Cineuropa: What was the genesis for Proxima?
Alice Winocour: I thought the figure of the astronaut separating from the Earth could resonate with the idea of a mother separating from her daughter. The script reflects the different stages of separation that a rocket goes through as it journeys beyond the atmosphere. It's not only my imagination, because the actual protocol of the Russian space agency calls it “umbilical separation”. There is also that expression calling our planet Mother Earth, so it's a metaphor for this attachment.
Why did you want to humanise the experience of astronauts?

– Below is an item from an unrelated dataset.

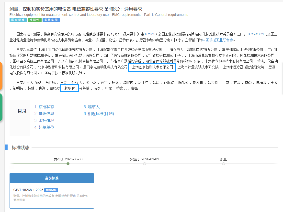 最新消息,2025年06月30日,根據(jù)國家標(biāo)準(zhǔn)化管理委員會(huì)官網(wǎng)顯示,中國國家標(biāo)準(zhǔn)公告,創(chuàng)京檢測總經(jīng)理趙華勝參與編制的標(biāo)準(zhǔn)GB/T 18268.1—2025《測量、控制和實(shí)驗(yàn)室用的電設(shè)備 電磁兼容性要求 第1部分:通用要求》推薦性國家標(biāo)準(zhǔn)批準(zhǔn)發(fā)布,新版標(biāo)準(zhǔn)將于2026年1月1日起正式實(shí)施。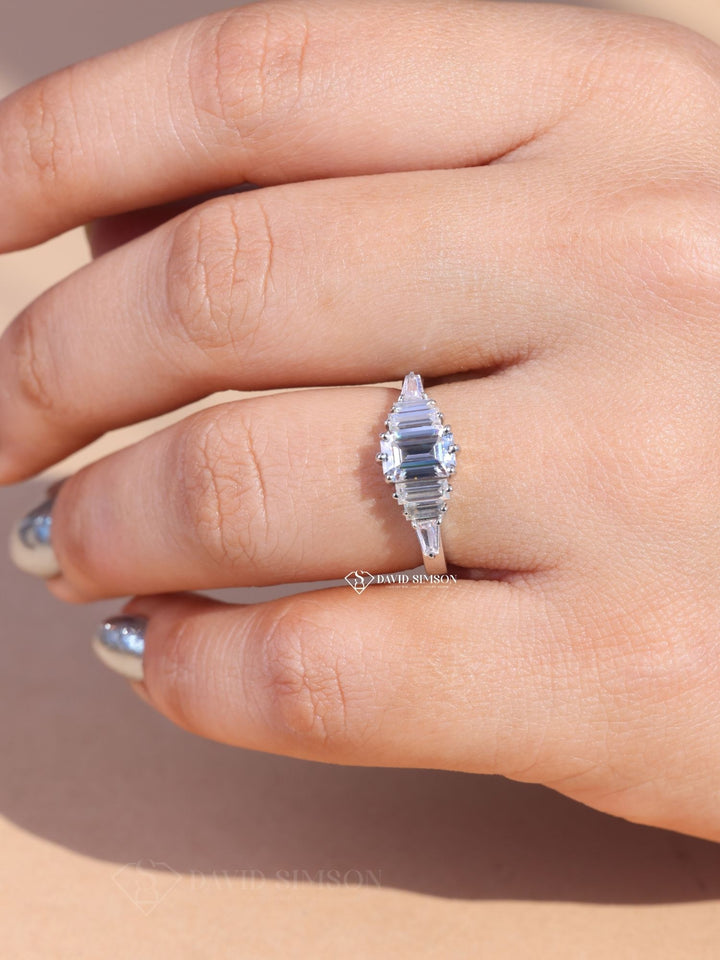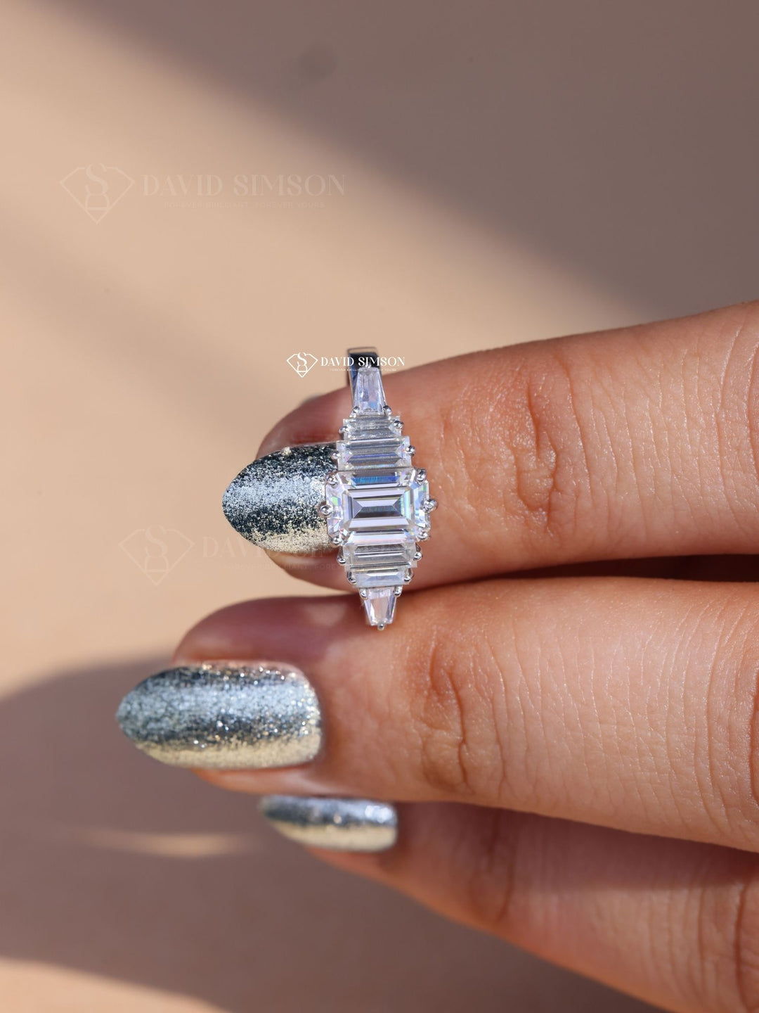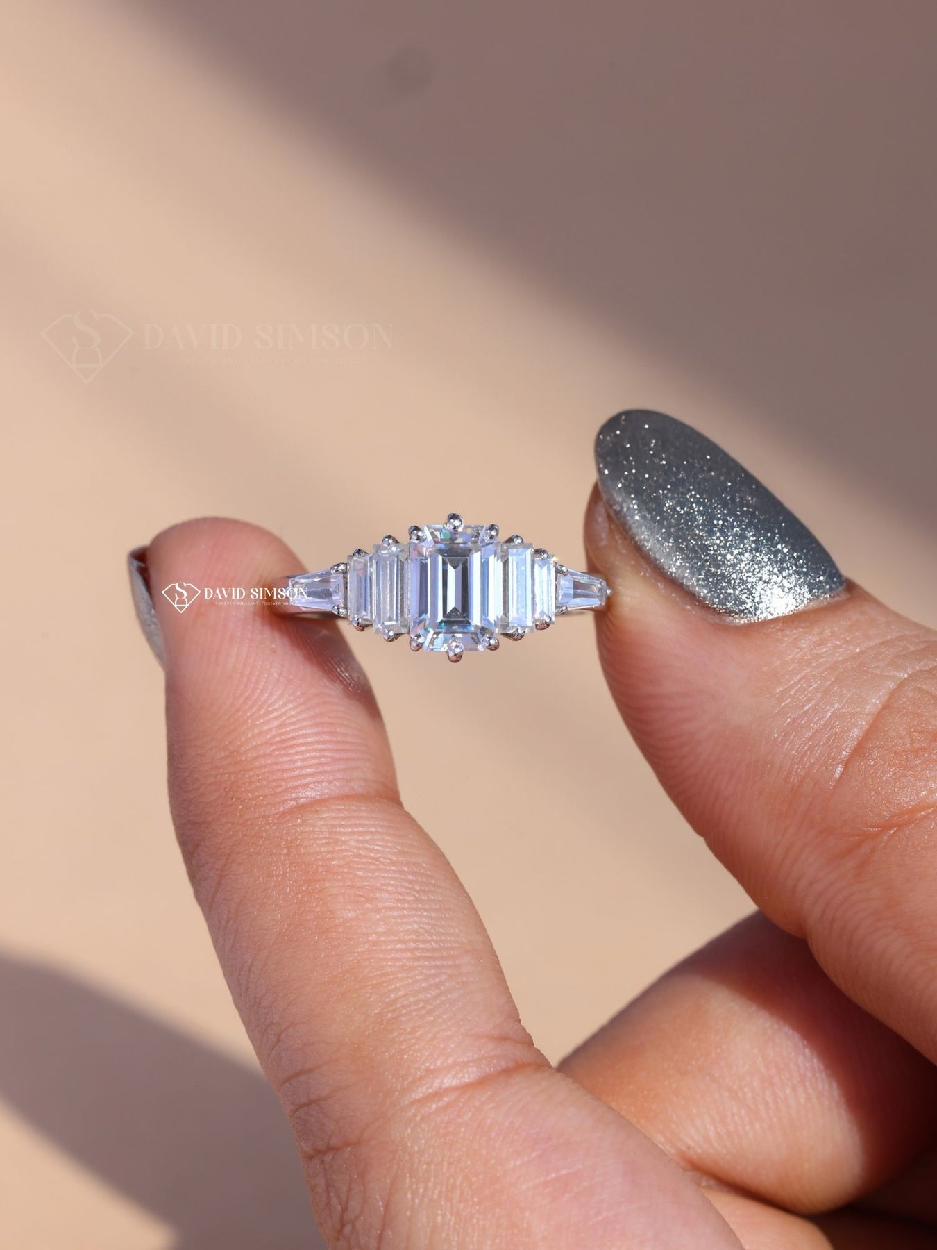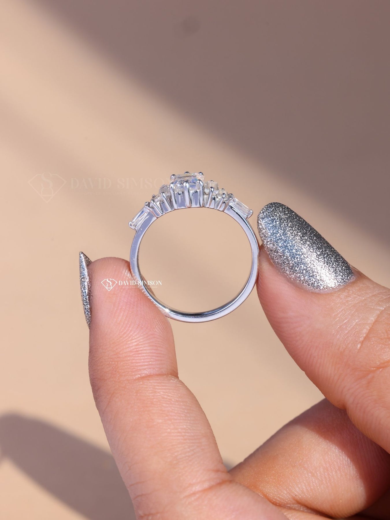 1.0CT-2.0CT Emerald Cut Moissanite Cluster Diamond Engagement Ring

Because, interestingly, films usually present astronauts as super-human, whereas being an astronaut is an experience of fragility, which comes from being in space. We are physically conditioned to living on Earth. In space, humans lose their sense of balance, the body grows three or four inches, and our cells grow older. It's tough to be in space, and the training is arduous. The film shows the mutation that astronauts go through to become this space person.
Because while space is looming in the background, the film is concerned with life on Earth…
It's a movie about how difficult it is to leave the Earth. What we don't often see in space flicks is how hard it is to leave the Earth because our bodies are made to live on this planet. We miss the smell of trees and being in nature.
Was it essential for you to put female characters front and centre in this, and your previous films?
You could say that it was the most important thing for me. My first idea was to make a film about a superheroine who is also a mother. They are two things that are not often represented in cinema together, as if they are incompatible. In real life, astronauts often have children, but we don't know this, because it's not talked about much. I think women don't talk about it, because they are made to feel ashamed. In this society, having children is considered a weakness, as it means that you can't be competitive. But it is a construction of society that you have to choose between your career and your kids. I think what the film says is that you can be a good mother and a good astronaut.
What made you think of casting Eva Green in the lead role? It's such a different part to how we perceive her.
I wanted a mother who would not look like a normal mother. That's what I liked about Eva: she is a kind of warrior. She has this kind of strangeness and also this grace, and I don't think it's a coincidence that she has been in so many Tim Burton movies. She is already a space person, in a way. She really dedicated herself to the film and trained very hard.